WHAT TO PRODUCE — Exclude the pictures and retype the entries as written.

AVAILABLE DATA —
_ _ _

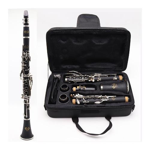 Clarinetto Sib, 18chiavi, corpo in ebanite, chiavi in nickel, con imboccatura e custodia rigida nera.
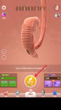 1. 开启游戏后,点击【成长】按键,耗费资源推动胎儿发育。
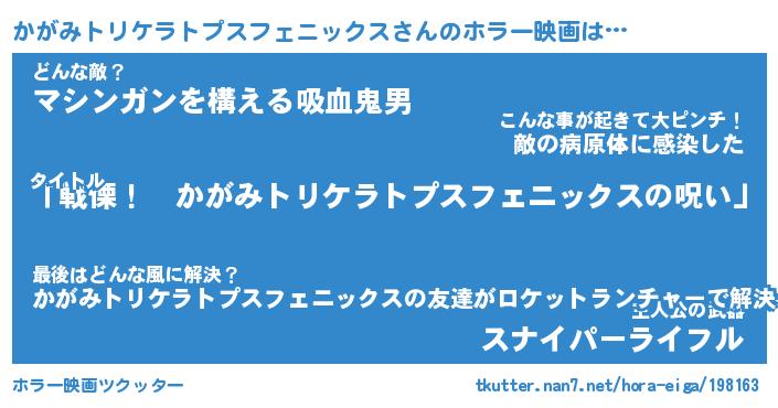 | ヒーロー風カッコイイあだ名 | 『スーパーカガミトリケラトプスフェニックス』 |
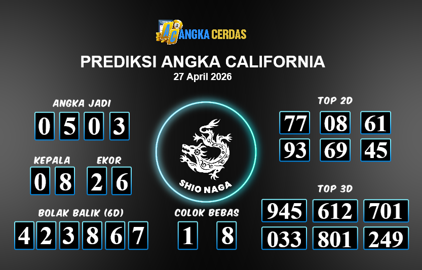 Prediksi Togel CALIFORNIA untuk hari ini Senin, 27 April 2026, adalah salahsatu jenis togel yang memiliki banyak penggemar.Ini terutama ditujukanbagi Anda yang menyukai 4d/3d/2d. Prediksi Angka Cerdas yang kamisediakan,bisa
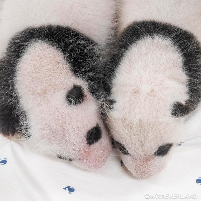 據報道,從(cong) 公開的照片來看,這對大熊貓寶寶已開始慢慢長胖,眼睛、耳朵、肩膀、胳膊、腿周圍,顯現出獨特的黑色斑紋。
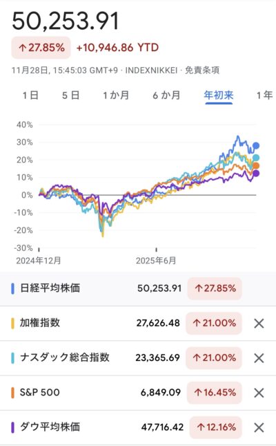 去年の11月は日本株と台湾株は糞とほざいていましたが今年は好調、分散投資最高(笑)…間違えて削除してしまったので再投稿#寝金減投資#TradeNote https://t.co/wrJQvZ92n2 pic.twitter.com/AsPQCrjnah— cub (@cub_nomad) December 6, 2025
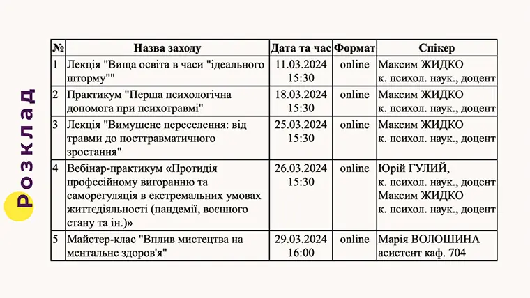 Тематика заходів охоплюватиме захист та підтримку ментального здоров'я, з особливим акцентом на психологічну підготовку до діяльності в кризових ситуаціях.

_ _ _

FINAL ANSWER —
 Clarinetto Sib, 18chiavi, corpo in ebanite, chiavi in nickel, con imboccatura e custodia rigida nera.
 1. 开启游戏后,点击【成长】按键,耗费资源推动胎儿发育。
 | ヒーロー風カッコイイあだ名 | 『スーパーカガミトリケラトプスフェニックス』 |
 Prediksi Togel CALIFORNIA untuk hari ini Senin, 27 April 2026, adalah salahsatu jenis togel yang memiliki banyak penggemar.Ini terutama ditujukanbagi Anda yang menyukai 4d/3d/2d. Prediksi Angka Cerdas yang kamisediakan,bisa
 據報道,從(cong) 公開的照片來看,這對大熊貓寶寶已開始慢慢長胖,眼睛、耳朵、肩膀、胳膊、腿周圍,顯現出獨特的黑色斑紋。
 去年の11月は日本株と台湾株は糞とほざいていましたが今年は好調、分散投資最高(笑)…間違えて削除してしまったので再投稿#寝金減投資#TradeNote https://t.co/wrJQvZ92n2 pic.twitter.com/AsPQCrjnah— cub (@cub_nomad) December 6, 2025
 Тематика заходів охоплюватиме захист та підтримку ментального здоров'я, з особливим акцентом на психологічну підготовку до діяльності в кризових ситуаціях.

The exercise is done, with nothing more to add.